Flurlingen has an area of 2.4 km2. Of this area, 18.3% is used for agricultural purposes, while 55.6% is forested. Of the rest of the land, 22% is settled (buildings or roads) and the remainder (4.1%) is non-productive (rivers, glaciers or mountains).

The municipality if located on the Rhine river to the west of the Cholfirst elevation.

==Sights==
The 96 m tall Cholfirst Radio Tower is built on Cholfirst at an elevation of 570 m.

==Demographics==
Flurlingen has a population (as of ) of . As of 2007, 10.3% of the population was made up of foreign nationals. Over the last 10 years the population has grown at a rate of 12.3%. Most of the population (As of 2000) speaks German (94.3%), with Serbo-Croatian being second most common ( 1.1%) and Albanian being third ( 1.0%).

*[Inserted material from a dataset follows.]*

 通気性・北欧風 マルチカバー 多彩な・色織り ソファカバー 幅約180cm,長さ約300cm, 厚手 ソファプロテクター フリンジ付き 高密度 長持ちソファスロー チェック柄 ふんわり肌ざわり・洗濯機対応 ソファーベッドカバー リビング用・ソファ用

In the 2007 election the most popular party was the SVP which received 29.2% of the vote. The next three most popular parties were the SPS (19.9%), the FDP (18.8%) and the Green Party (13.2%).

The age distribution of the population (As of 2000) is children and teenagers (0–19 years old) make up 24.4% of the population, while adults (20–64 years old) make up 61.5% and seniors (over 64 years old) make up 14%. The entire Swiss population is generally well educated. In Flurlingen about 85.7% of the population (between age 25–64) have completed either non-mandatory upper secondary education or additional higher education (either university or a Fachhochschule).

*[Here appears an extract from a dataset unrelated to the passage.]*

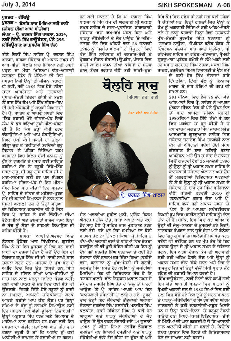 ਪ੍ਰੋ. ਦਰਸ਼ਨ ਸਿੰਘ ਖ਼ਾਲਸਾ ਵਲੋਂ ਲਿਖੀ ਜੀਵਨ ਦੀਆਂ ਆਪ ਬੀਤੀਆਂ "ਬੋਲਹਿ ਸਾਚੁ ਮਿਥਿਆ ਨਹੀ ਰਾਈ" ਪੁਸਤਕ ਦੀ ਸਮੀਖਿਆ

Flurlingen has an unemployment rate of 1.16%. As of 2005, there were 47 people employed in the primary economic sector and about 5 businesses involved in this sector. 140 people are employed in the secondary sector and there are 26 businesses in this sector. 165 people are employed in the tertiary sector, with 46 businesses in this sector.

The historical population is given in the following table:

| year | population |
|---|---|
| 1467 | 31 Households |
| 1637 | 170 |
| 1708 | 329 |
| 1850 | 400 |
| 1900 | 902 |
| 1910 | 1,023 |
| 1930 | 895 |
| 1950 | 951 |
| 1960 | 1,049 |
| 1970 | 935 |
| 2000 | 1,248 |

==Economic trends==

Although traditionally a wine-growing municipality, in recent years, the number of wealthy individuals moving to the area have increased due to the relocation of several multi-national headquarters to the nearby municipalities of Schaffhausen and Neuhausen.

This has resulted in an increased demand for housing in this low-tax municipality which is now regarded as one of the most exclusive and sought-after locations.